A Little Technical Overview

I have finally gotten around to implementing a blog for my website. I have been itching to start a blog for a while, since I’ve always enjoyed reading the blogs of fellow UW students.

For my first blog post, I wanted to highlight the journey of how my website and blog came to be (though it is still definitely a work in progress).

Static Content

My website is hosted on GitHub, which worked well for my initial fully static single-page site from a year ago, but the lack of a back-end made implementing a blog seem like a daunting task.

For personal blogs/websites, a popular choice is to use Jekyll and just push static blog posts into the GitHub repository. But I wanted to try to make something a little more dynamic, and also wanted to put my AngularJS knowledge to use, so I am currently experimenting with an alternative solution…

dynamic content

Since I cannot have a back-end with my website on GitHub, I instead put all my content on WordPress and then make HTTP requests to their public API to pull posts to display on my website. This way, I have one HTML file which is a template for how my posts should be displayed, and then the content is dynamically pulled from WordPress depending on the post ID selected by the user (In a way, think of WordPress as my back-end).

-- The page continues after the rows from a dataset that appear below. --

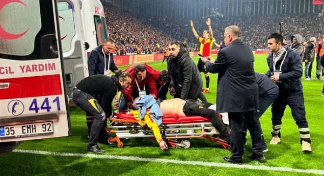 Gürsel Aksel Stadı'ndaki Göztepe-Altay maçında Altay tribünümden atılan işaret fişeği Göztepeli bir taraftarın ağzına geldi. Ağır yaralanan taraftar ambulans ile hastaneye kaldırılırken sahaya giren taraftar bayrak direğiyle Göztepe Kalecisi Ozan Evrim Özenç’e vurdu.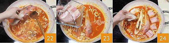 Now add the main fish to the pot: the gurnard 22, the smoothhound 23, the monkfish 24, and finally the hake. Do not stir anymore with a wooden spoon from now on but only shake the pot by the handles.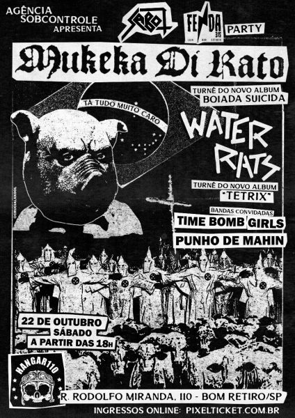 Mukeka di Rato, Water Rats, Time Bomb Girls e Punho de Mahin são as bandas que participam neste sábado (22 de outubro) do primeiro Sabot/Fenda 315 Party, uma realização da Agência Sobcontrole em parceria com a loja/casa de eventos da capital paulista. O evento de estreia, de uma série de muitos outros, acontece no clássico Hangar 110, com after no Fenda 315. O Agência Sobcontrole apresenta Sabot/Fenda 315 Party, a cada edição, terá shows, discotecagem, venda de merch e outras ações. Além disso, o local será sempre palco de um after do evento principal. O ingresso valerá para ambos os eventos da mesma noite. Na estreia da festa, os shows acontecem até 22h30 no Hangar 110 (e com discotecagem de Thiago DJ, Verônica Faxina, Franco Sabot e Diego Fenda) e o after será na Sabot/Fenda 315, a partir das 23h.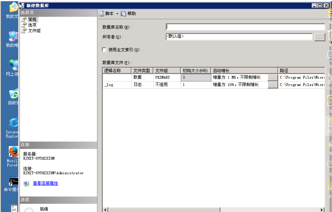 ②在SQL Server Management Studio中,右击数据库,选择新建数据库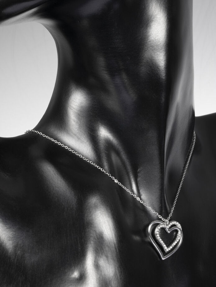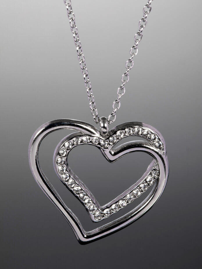 Luxusní náhrdelník z chirurgické oceli s propojenými srdíčky s drobnými čirými krystaly je skvělým doplňkem k jakémukoliv outfitu. Délka náhrdelníku je nastavitelná cca od 40 do 45 cm, rozměry přívěsku jsou 2 x 2,1 cm. Zapínání je na karabinku, tento typ zapínání skvěle drží a tak náhrdelník samovolně nespadne. Náhrdelník je tvořen jemným řetízkem stříbrné barvy, který je zdoben přívěskem ve tvaru propojených srdcí, menší z nich je zdovbeno drobnými čirými krystaly, zpracování působí opravdu vkusně a nadčasově.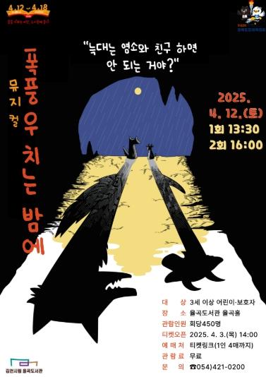 [종합뉴스채널, 김현성기자] 김천시립 율곡도서관은 2025년 제3회 도서관의 날과 제61회 도서관 주간을 맞이하여 오는 4월 12일(토), 오후 1시 30분과 4시 두 차례에 걸쳐 율곡도서관 율곡홀에서 가족이 함께 즐길 수 있는 동명의 그림책 원작 가족 뮤지컬 '폭풍우 치는 밤에'를 개최한다고 밝혔다.
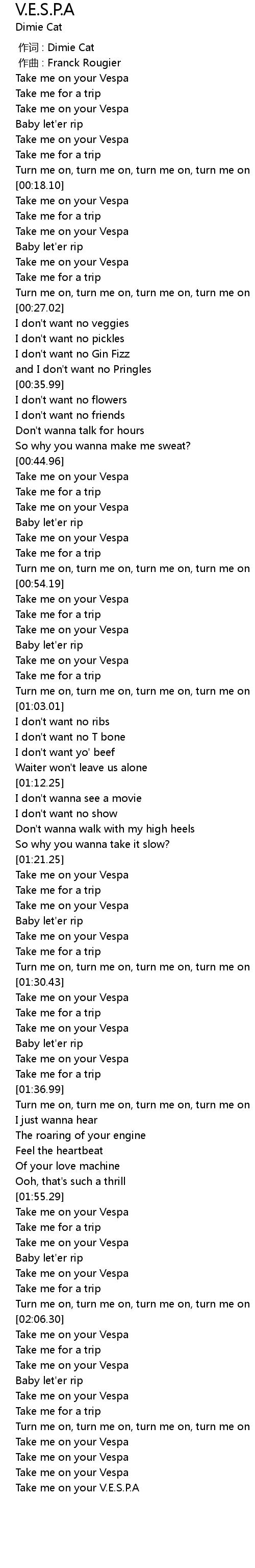| [02:33.93] | Take me on your V. E. S. P. A |

A snippet of my Angular module which gets the posts:

angular.module('blogLoaderApp', ['ngResource', 'ngSanitize'])
  .controller('BlogController', function($scope, $http, $window) {

        $scope.blogPosts = data.posts;


By no means is this solution perfect. I am still figuring out all the nooks and crevices of this slightly unconventional implementation.
Some things that concern me are:

1. Disqus Comments

Disqus usually creates/grabs threads depending on the unique URL on which the discussion page is rendering. But since all my posts have the same base URL, with just a different parameter passed in (www.angelgao.com/post.html#?id={id}), I currently cannot have different threads per blog post. It is something I am currently looking into, and hopefully can be fixed with config variables.

2. SEO

Since the content of my blog are dynamically pulled from my WordPress blog and do not belong to my website itself, any Google search for the content will not lead to my website.

3. Filtering Posts

It will be a bit more work for me to implement a filtering feature on my website so that users can filter my blog posts with certain tags or categories.

future plans

I will start to tackle the concerning issues listed above, and through the investigations, the structure of my website could still change. But regardless of whether I stick with this solution, I have learned a lot, and had a lot of fun so far. One thing’s for sure, I will continue to experiment, continue to blog, and continue to keep you updated :).